I've been given my accomodation for moving to Dubai, and it is in sports city. Just wondered whether anyone who is already out there can tell me what it's like? Is it still a complete building site at the moment? Really worried now!


----------



## ferg13 (Jun 11, 2013)

bit of building work there but nothing to be worried about in my opinion , what are you worried about in particular? I know someone that lives in sports city and they like it! motor city is 2 min drive which has gyms supermarket ,coffee shops so you will be fine , im in JVC few mins away and lots of building work goes on here but its not caused me any problems


----------



## nagib_91 (Mar 14, 2014)

I live in sports city it's not bad at all .

the best thing about it it's 15 minutes away from emirates mall .
if you need to buy something you can go to motor city 5 minutes away from it.

if you have any other questions feel free to ask


----------



## twowheelsgood (Feb 21, 2013)

Although not an expert on Motor City by any stretch as my sole activity is to drive to the cycle shop on the main street, I am surprised to hear there is still building going on ? It always seems a very quite and pleasant place to me.


----------



## BringBackBuck8 (Sep 20, 2013)

It's a school allocation right? I think it's OK out there.

Lots of building going in in lots of areas of Dubai; personally I find Sports City pretty dusty and it is very unfinished in places. I know a lot of schools are looking out there for accommodation as prices are cheaper. But as people say, Motor City just up the road with all you need, there's a Fitness First in the motor racing track control building if that's your thing.

Straight down Hessa Street and you're into the Marina/SZR bubble and close to Mall of Emirates or hop on Al Khail and you're downtown in ten minutes.

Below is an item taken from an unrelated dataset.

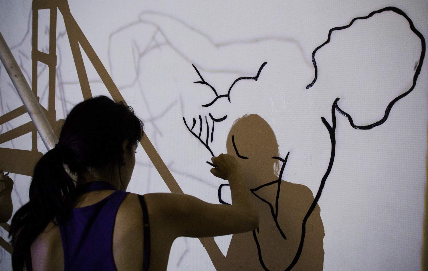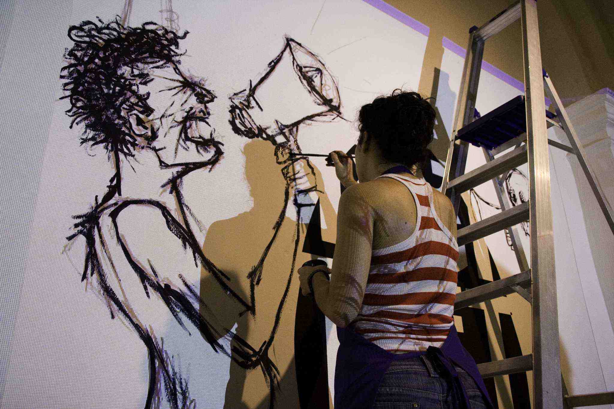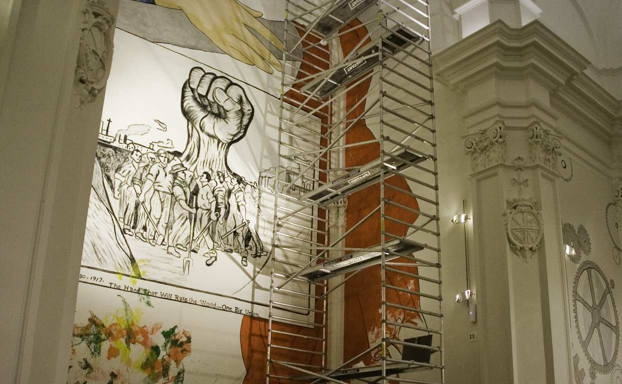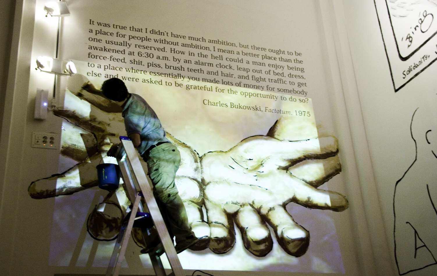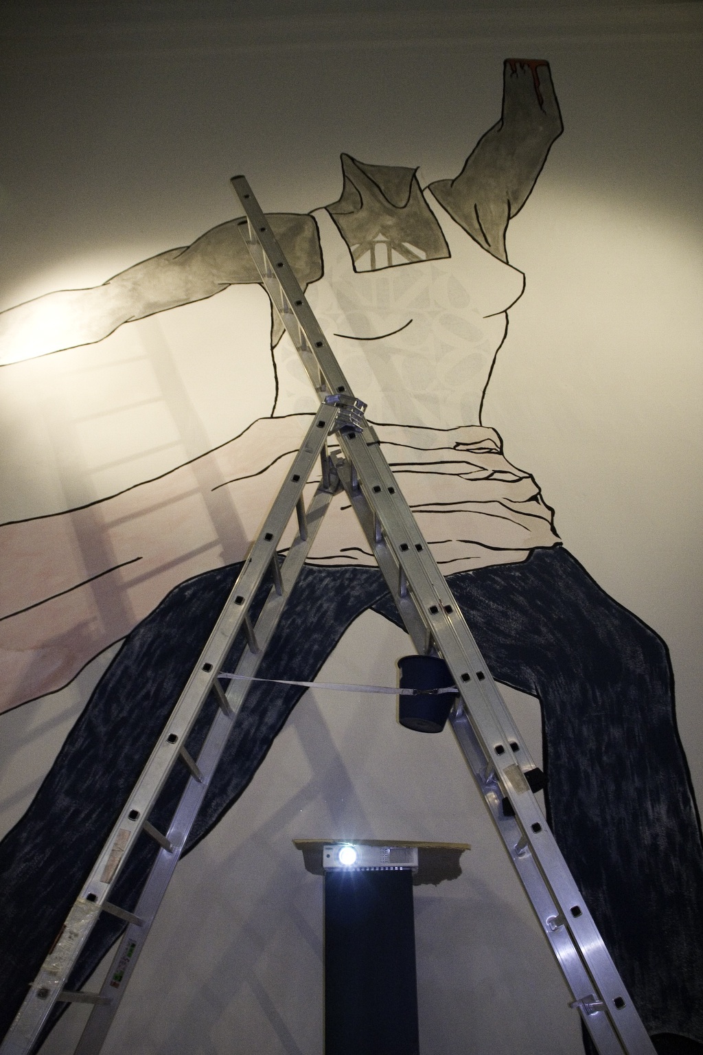 The piece fell within the circumstances created by the call to General Strike in Spain on September 29, 2010. This was the moment in which the piece was being physically produced in the exhibition space. It began with indications to paint on the walls images of the revolutionary iconographic tradition of several leftist political cultures. The purpose is to create a space inviting the participation of the audience by inciting it to paint and create its propaganda proposals on predetermined images. The intention is to generate new images having to do with the topic of the political expression. The artist makes two traditions of political production coincide: participation art and mural tradition as a way to social unrest. The mural’s weave and the series of phases the artist expects to introduce in the painting try to absorb a temporary circumstance: the call to general strike with which, on September 2010, trade unions, citizens and activists intend to question the economic and public financial policies with which the Spanish government wanted to control the variations in the capitalist crisis. On the basis of the implementation of this mural, an attempt at inciting reflection on the political effectiveness of images in the creation of a community and in citizen participation in political processes is made. The purpose is to present a frustrated utopia in which representational art reflects a process as changing as politics and as volatile as public opinion on something as unchangeable as a visual image painted in a mural.

In my opinion you definitely need a car from there.


----------



## Chocoholic (Oct 29, 2012)

Sport City is nice - plenty of things close by. I don't think you'll have many issues there.


----------



## swissknife (May 31, 2014)

whatever happened to the Arena Mall / Carrefour that was planned to be built in sports city?


----------



## theblve (Aug 23, 2014)

I'm moving to Dubai in Oct'14 and also looking for studios / 1B apartments in Sports City.

The units in Victory Heights seem comfortable.

I'll be working near Media City. So for sure I'll be getting a car. Maybe an economy Japanese / Korean made

So look forward to read more feedbacks / comments about Sports City


----------